For various reasons, some CSV files may have rows with varying numbers of fields, which does not conform to the common RFC 4180 standard and may cause issues in certain scenarios. Users can use the `fixLineLength` function to make all rows have the same number of fields.

The parameters required for the function and their meanings are as follows:

```
fixLineLength(csv_sheet)
```

> `csv_sheet`: The table represented as a two-dimensional list.

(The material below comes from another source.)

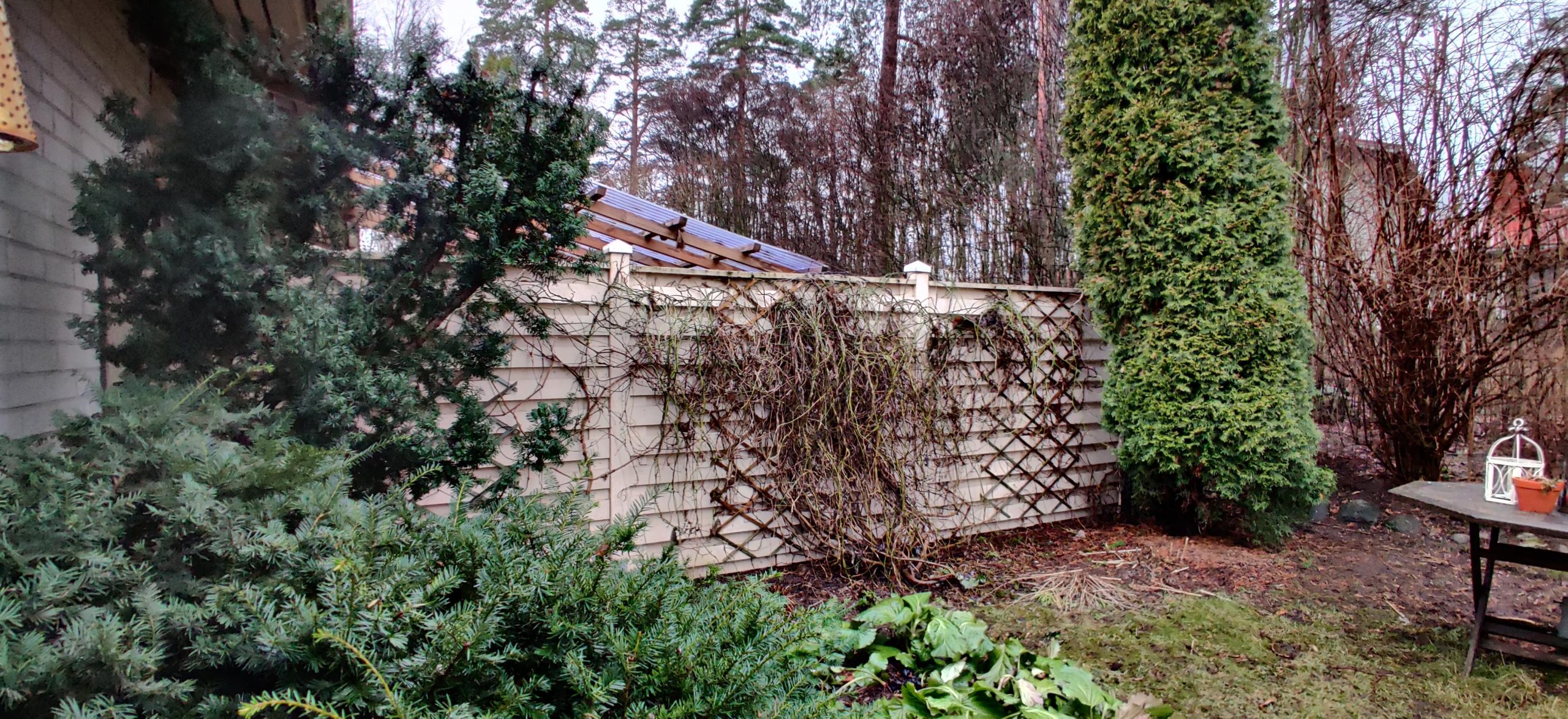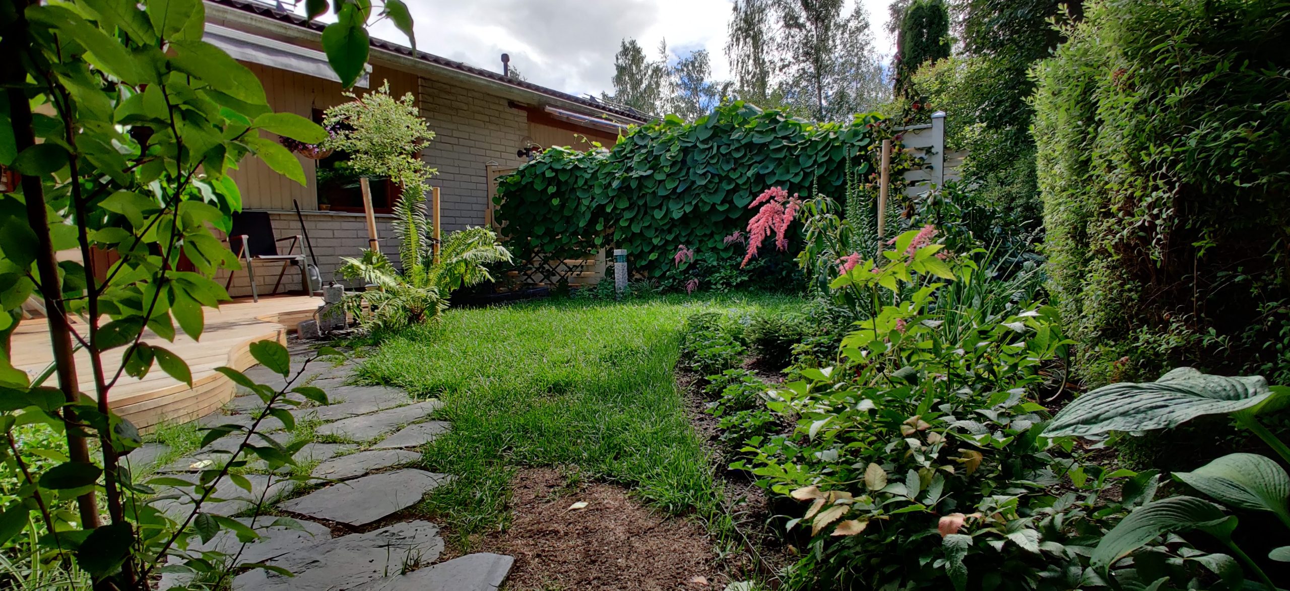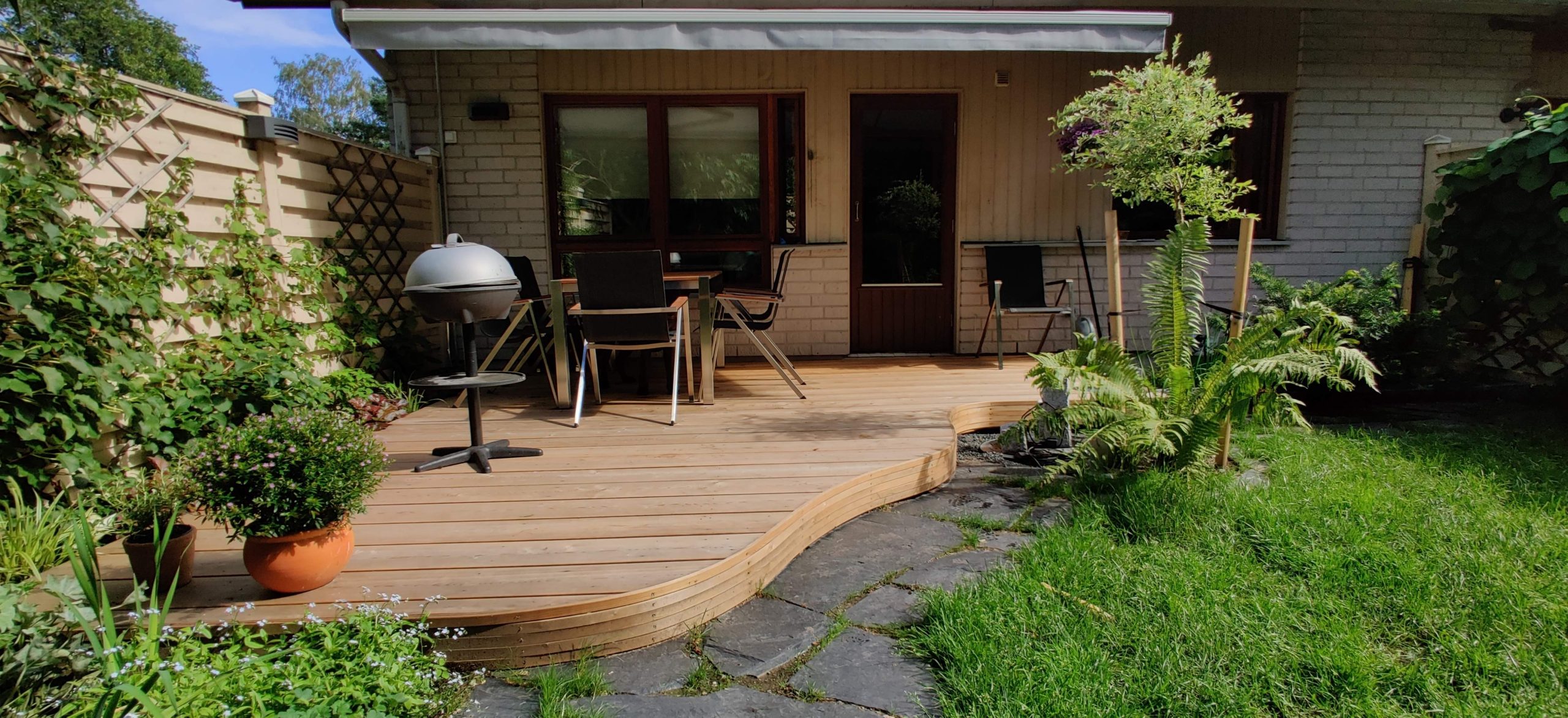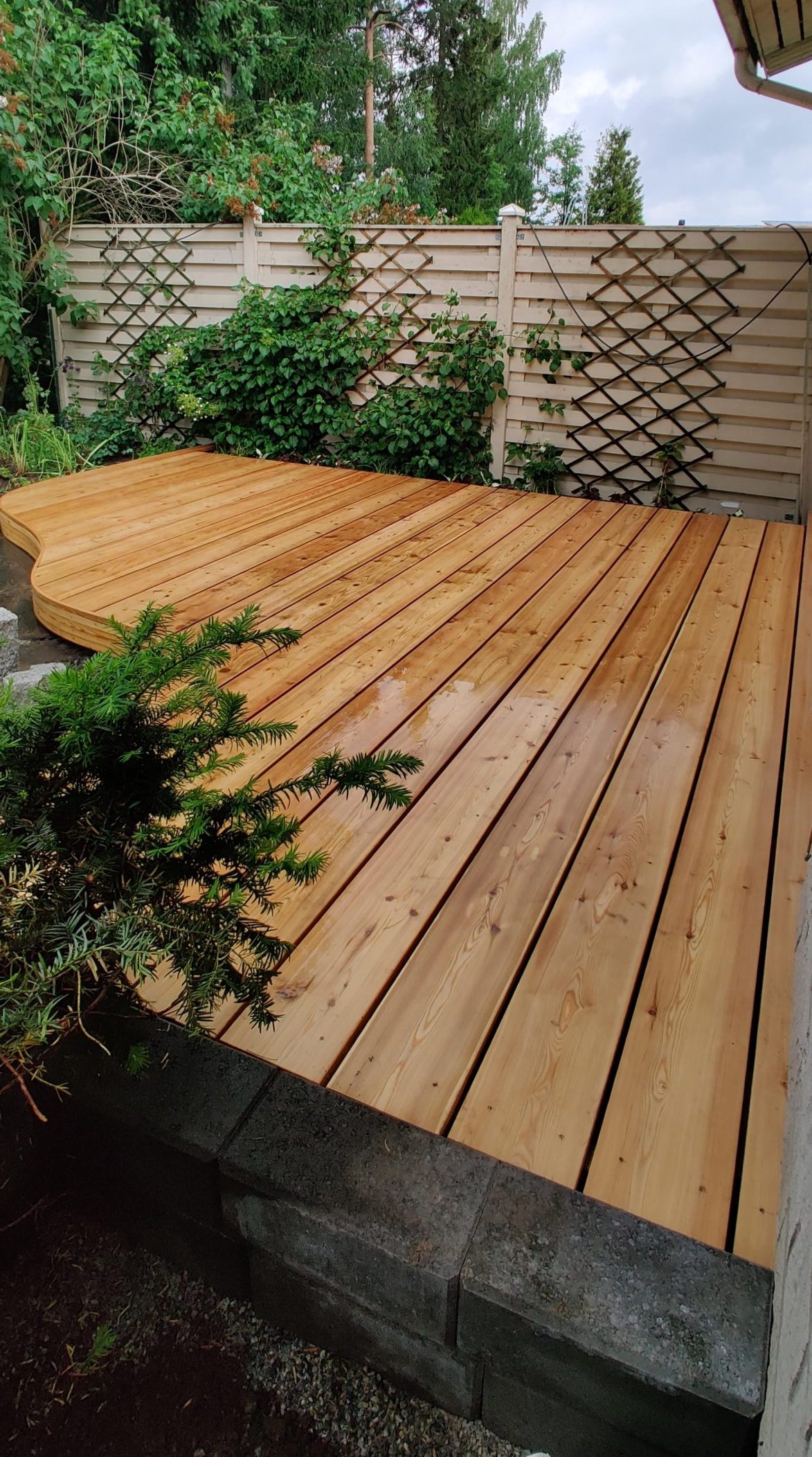 Takapihalle suunniteltiin uusi terassi, jonka materiaaliksi valikoitui 190 mm leveä lehtikuusilauta. Terassin reunaan sahattiin kaareva muoto. Terassin ja aidan väliin tehtiin istutusallas, jossa säilytettiin olevat köynnökset tuomaan vehreyttä pihojen väliselle aidalle.

For example, consider a table where rows have different lengths:

![image-20241221165142136](assert/4-1.png) 

You can use `fixLineLength` to fix it:

![image-20241221165155778](assert/4-2.png)

Save the result as a CSV file and open it. You will see that each row now has the same number of fields.

![image-20241221165203548](assert/4-3.png) 

------

### 5. Format Conversion

The `fixCSV` function can save CSV files in various compatible formats, including changing the delimiter, file encoding, line break style, etc.

For example, for a CSV file with a delimiter of `"."`, you can use the `fixCSV` function to convert it into a commonly used CSV file with commas as the delimiter.

![image-20241221165533896](assert/5-1.png) 

As shown, using the Python implementation of the `fixCSV` function, input the source file path and source file delimiter to output the converted `"output.csv"` file in the current path.

![image-20241221165542191](assert/5-2.png) 

**Note: Due to variations in the logic of I/O operations across programming languages, implementations may differ slightly.**

**In the JavaScript implementation, the `fixCSV` function returns a Promise, and users can resolve this Promise to obtain a blob object representing the converted file.**



The function requires two parameters for simple conversion. More parameters can be added as needed.

```
fixCSV(path, [optional]output_path, [optional]origin_delimiter, [optional]target_delimiter, [optional]origin_encoding)
```

> `path`: The path to the input CSV file.   
>
> `output_path`: The path to the generated CSV file. Optional, defaults to `"output.csv"`. This parameter is not available in the JavaScript implementation.    
>
> `origin_delimiter`: The delimiter used in the original CSV file. Optional, defaults to `","`.    
>
> `target_delimiter`: The delimiter to be used in the output file. Optional, defaults to `","`.  
>
> `origin_encoding`: The encoding of the original file. Optional, defaults to `"utf-8"`.   
>
> `target_encoding`: The encoding to be used in the output file. Optional, defaults to `"utf-8"`.  
>
>  `target_line_break`: The line break style for the output file. Optional, defaults to `"\n"`.  



------

## License

This project originated from [aliceCSV v0.1.3](https://github.com/Alice-Drop/aliceCSV).

The aliceCSV code in this repository is licensed under the MIT License. Please refer to the `LICENSE` file for details.